PROBLEM DETAILS: Using the data below, print exactly the line with "#MishnaYomi #Yoma 3:1", the line with "Stone Inlaid Copper", and every line between them, but none of the pictures.

::: INFORMATION GIVEN

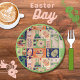 Beautiful, colorful Easter pattern that matches some of the colors of the main design. This cute, whimsical, cool collage design with orange, blue, green, and salmon-pink colors features irregular squares and quadrants with cute decorative paintings of bunnies, eggs, flowers, and egg baskets. Great design for Easter paper plates if you want to make an Easter party or just have a brunch and decorate your dining room.
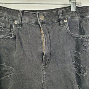 American Eagle AEO Faded Black Mom Jean Distressed High Rise Size 8 R
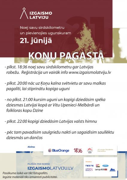 Šogad 21. jūnijā kopā ar biedrību 1836 plkst.18:36 aicinām noiet savu sirdskilometru uz Latvijas robežas. Vari gan pieteikties par brīvprātīgo www.izgaismolatviju.lv un atzīmēt konkrētu kilometru, kuru iesi, vai arī vienkārši noiet jebkuru sev mīļu kilometru (vai vairāk) nereģistrējoties.
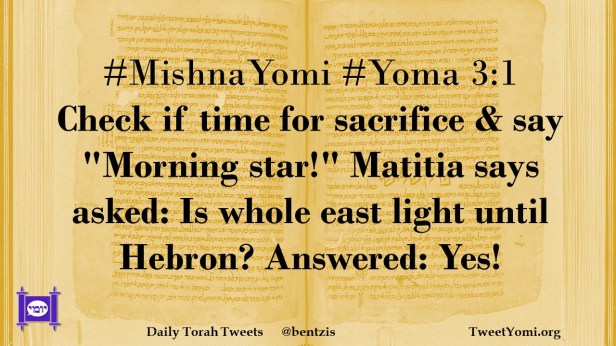 #MishnaYomi #Yoma 3:1 Check if time for sacrifice & say “Morning star!” Matitia says asked: Is whole east light until Hebron? Answered: Yes!
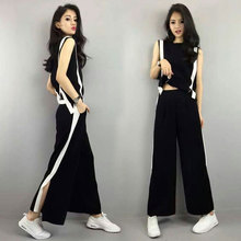 2017夏装新款无袖上衣休闲显瘦两件套夏季时尚阔腿裤套装女气质潮
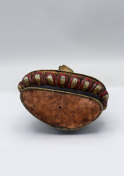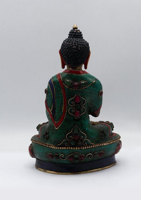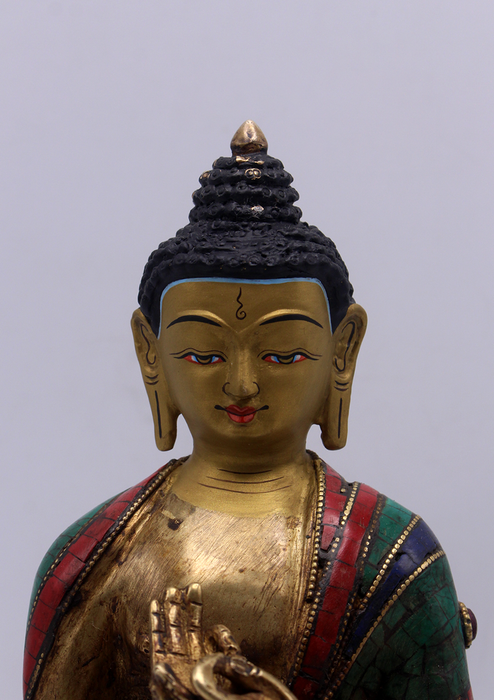 Stone Inlaid Copper Vairocana Buddha Statue 8.5"H
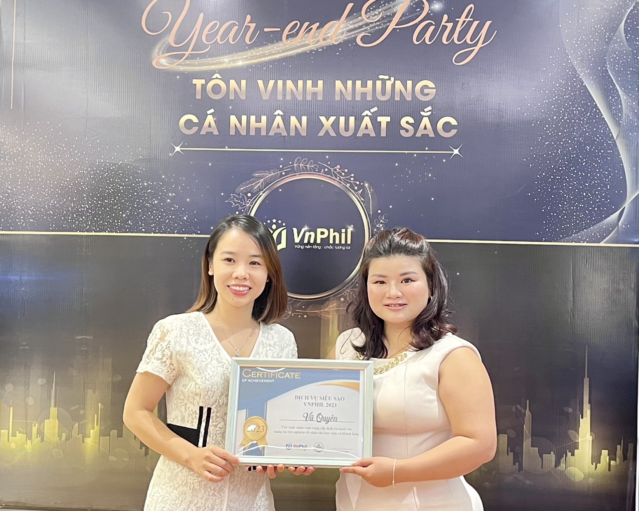 (Trao tặng bằng khen - Ms. Vũ Quyên với giải Dịch vụ Siêu sao Vnphil 2023 - Người đã luôn hết mình hỗ trợ đồng hành và bảo vệ quyền lợi của học viên.)

::::::

RESULT OF THIS TASK:
 #MishnaYomi #Yoma 3:1 Check if time for sacrifice & say “Morning star!” Matitia says asked: Is whole east light until Hebron? Answered: Yes!
 2017夏装新款无袖上衣休闲显瘦两件套夏季时尚阔腿裤套装女气质潮
 Stone Inlaid Copper Vairocana Buddha Statue 8.5"H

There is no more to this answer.